• **Your instructions**
Leaving out the pictures, return word for word the stretch of entries below from the line holding "Descendo um pouco" through the line holding "SK7620K61-세리온 이중 버클 랩 H라인 롱 스커트".

• **Excerpted data**
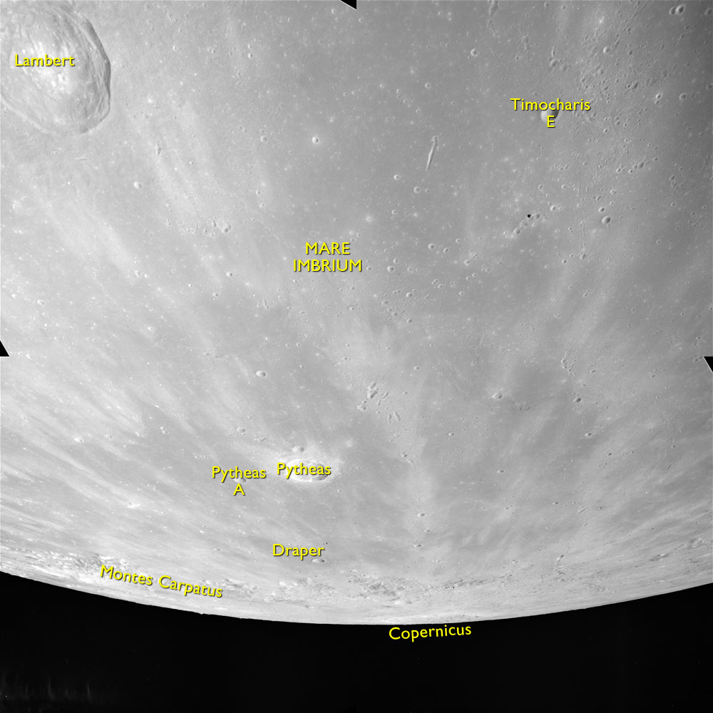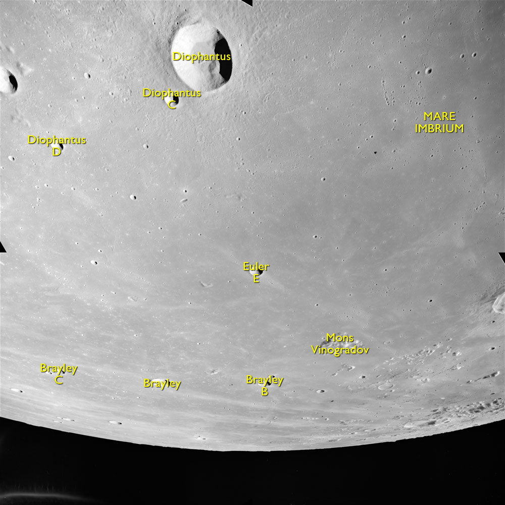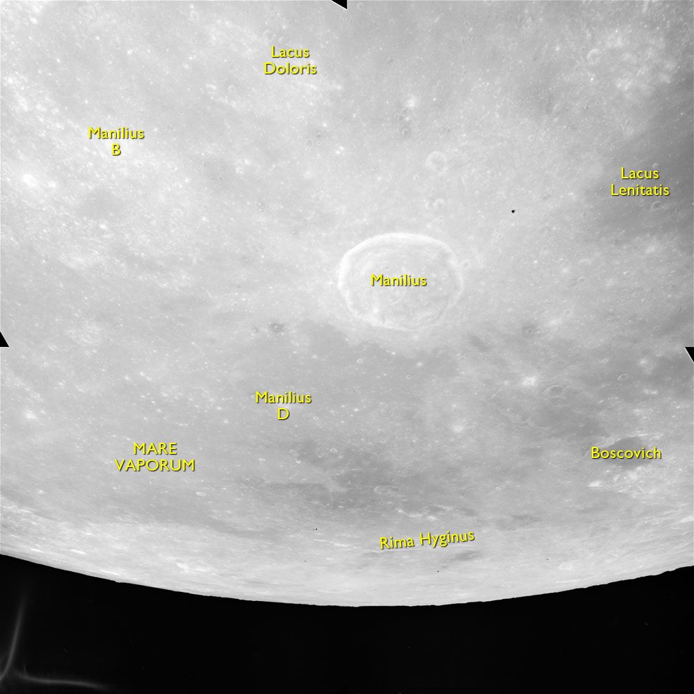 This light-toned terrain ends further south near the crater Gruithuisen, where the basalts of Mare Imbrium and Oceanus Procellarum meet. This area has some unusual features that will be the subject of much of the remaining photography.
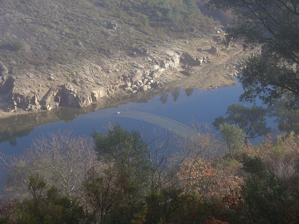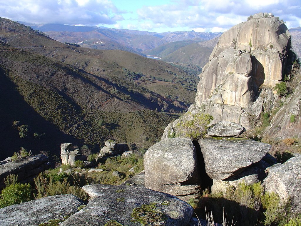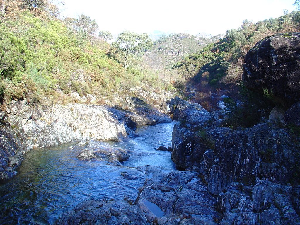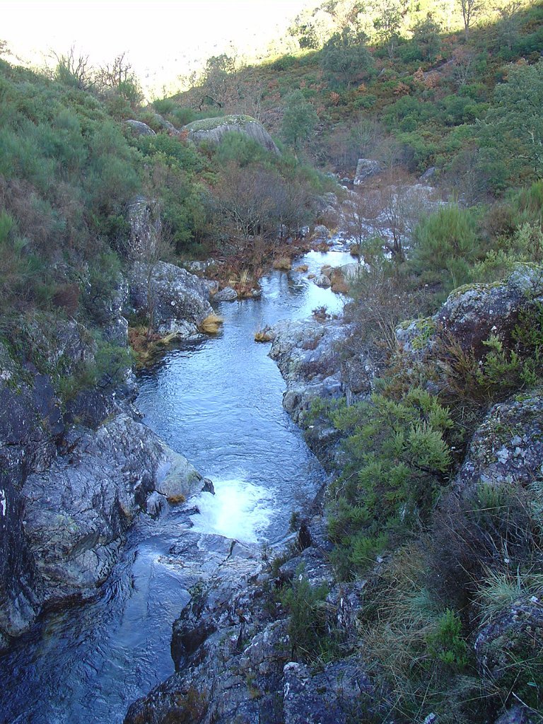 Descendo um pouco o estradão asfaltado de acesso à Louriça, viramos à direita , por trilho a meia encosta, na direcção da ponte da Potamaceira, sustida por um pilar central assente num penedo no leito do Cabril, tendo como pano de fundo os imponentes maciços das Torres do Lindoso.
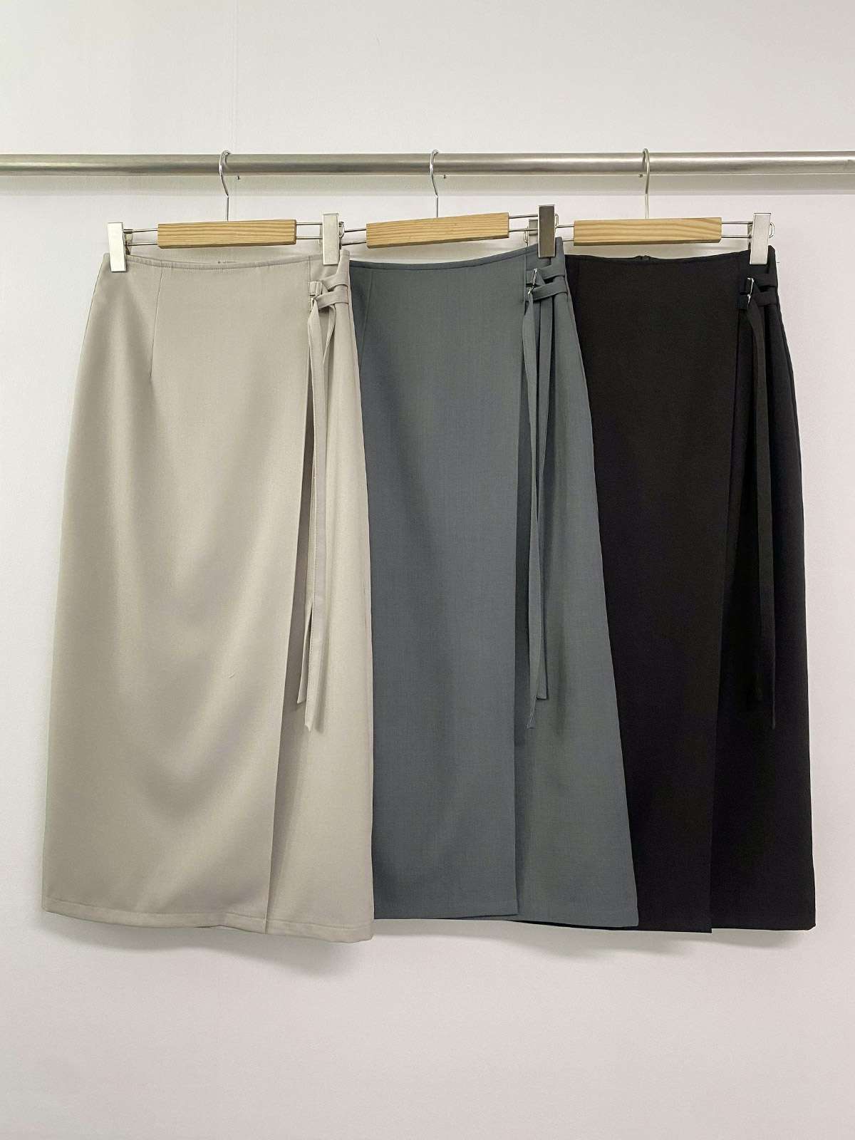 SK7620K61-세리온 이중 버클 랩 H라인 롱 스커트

---

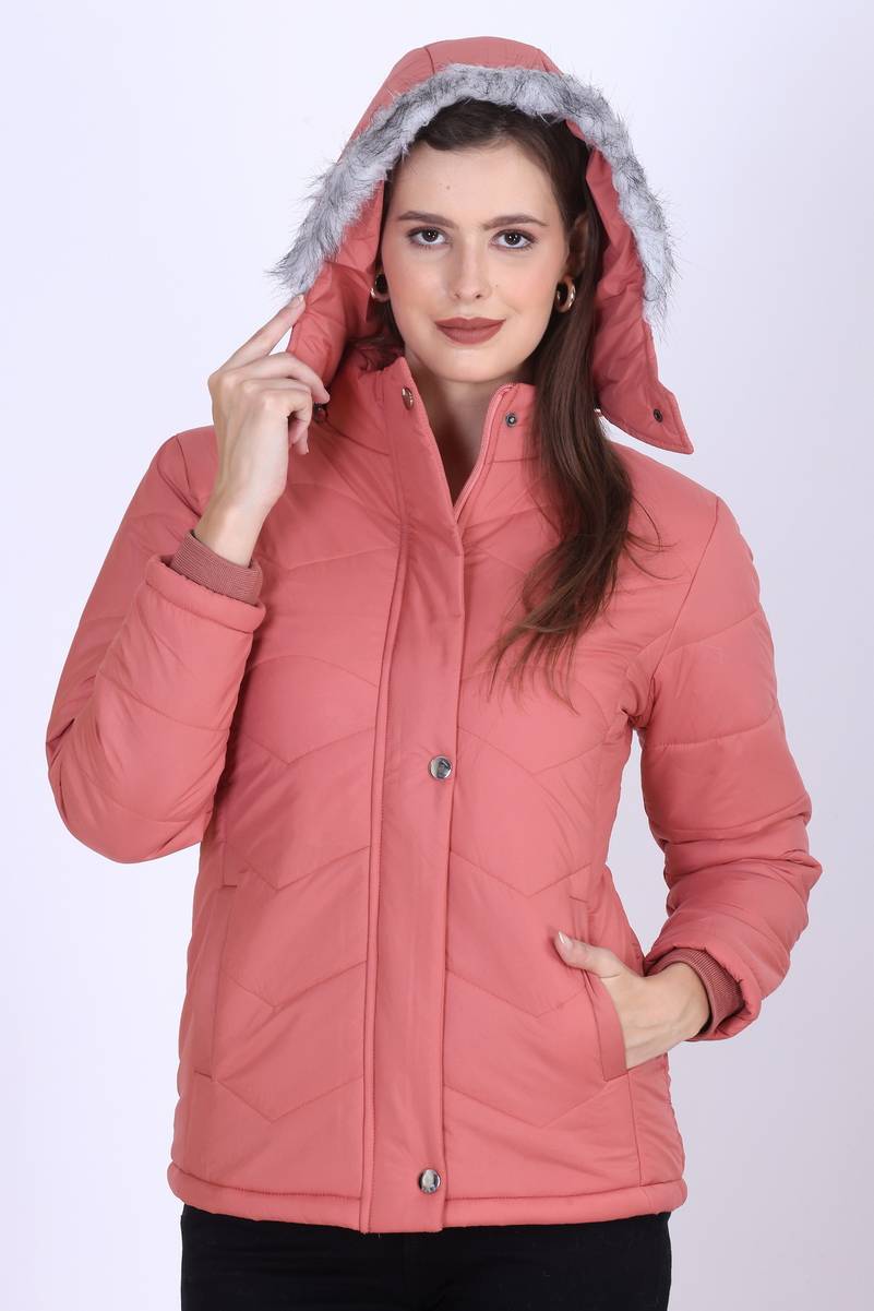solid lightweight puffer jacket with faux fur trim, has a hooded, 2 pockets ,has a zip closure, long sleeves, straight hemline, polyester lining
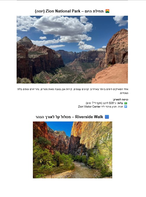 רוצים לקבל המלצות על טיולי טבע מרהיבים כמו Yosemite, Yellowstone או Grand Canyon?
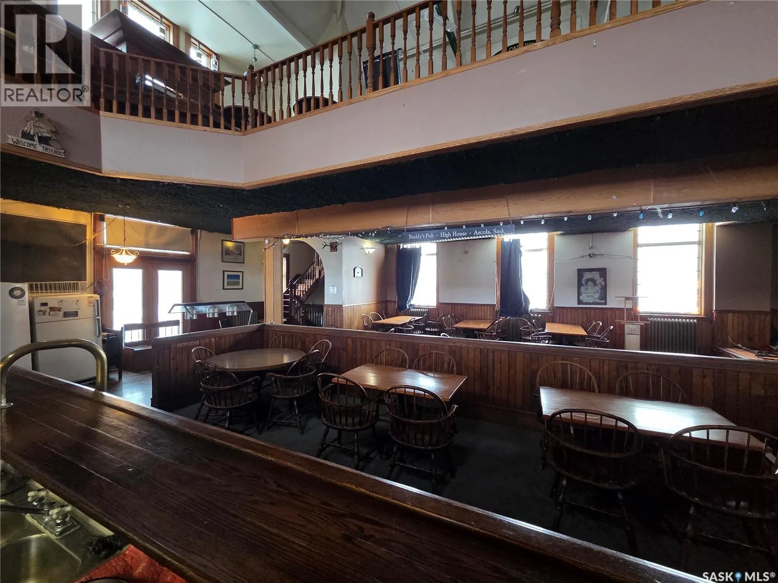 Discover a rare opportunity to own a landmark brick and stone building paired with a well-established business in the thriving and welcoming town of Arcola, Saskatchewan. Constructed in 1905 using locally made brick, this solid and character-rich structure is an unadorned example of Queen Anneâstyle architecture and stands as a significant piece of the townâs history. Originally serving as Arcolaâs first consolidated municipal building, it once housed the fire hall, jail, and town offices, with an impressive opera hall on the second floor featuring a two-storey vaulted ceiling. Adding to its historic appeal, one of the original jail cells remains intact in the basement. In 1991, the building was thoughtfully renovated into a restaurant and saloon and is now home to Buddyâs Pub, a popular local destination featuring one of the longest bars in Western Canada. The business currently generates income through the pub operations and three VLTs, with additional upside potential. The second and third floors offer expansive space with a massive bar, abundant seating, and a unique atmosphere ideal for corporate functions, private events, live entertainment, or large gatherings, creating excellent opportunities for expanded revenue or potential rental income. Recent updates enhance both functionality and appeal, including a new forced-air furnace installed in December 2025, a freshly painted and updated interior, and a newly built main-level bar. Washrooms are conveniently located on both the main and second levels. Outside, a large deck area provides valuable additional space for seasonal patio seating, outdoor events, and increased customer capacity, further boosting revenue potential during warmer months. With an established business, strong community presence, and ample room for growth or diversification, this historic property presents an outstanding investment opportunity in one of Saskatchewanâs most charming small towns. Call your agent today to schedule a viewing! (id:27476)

• **Your response**
 Descendo um pouco o estradão asfaltado de acesso à Louriça, viramos à direita , por trilho a meia encosta, na direcção da ponte da Potamaceira, sustida por um pilar central assente num penedo no leito do Cabril, tendo como pano de fundo os imponentes maciços das Torres do Lindoso.
 SK7620K61-세리온 이중 버클 랩 H라인 롱 스커트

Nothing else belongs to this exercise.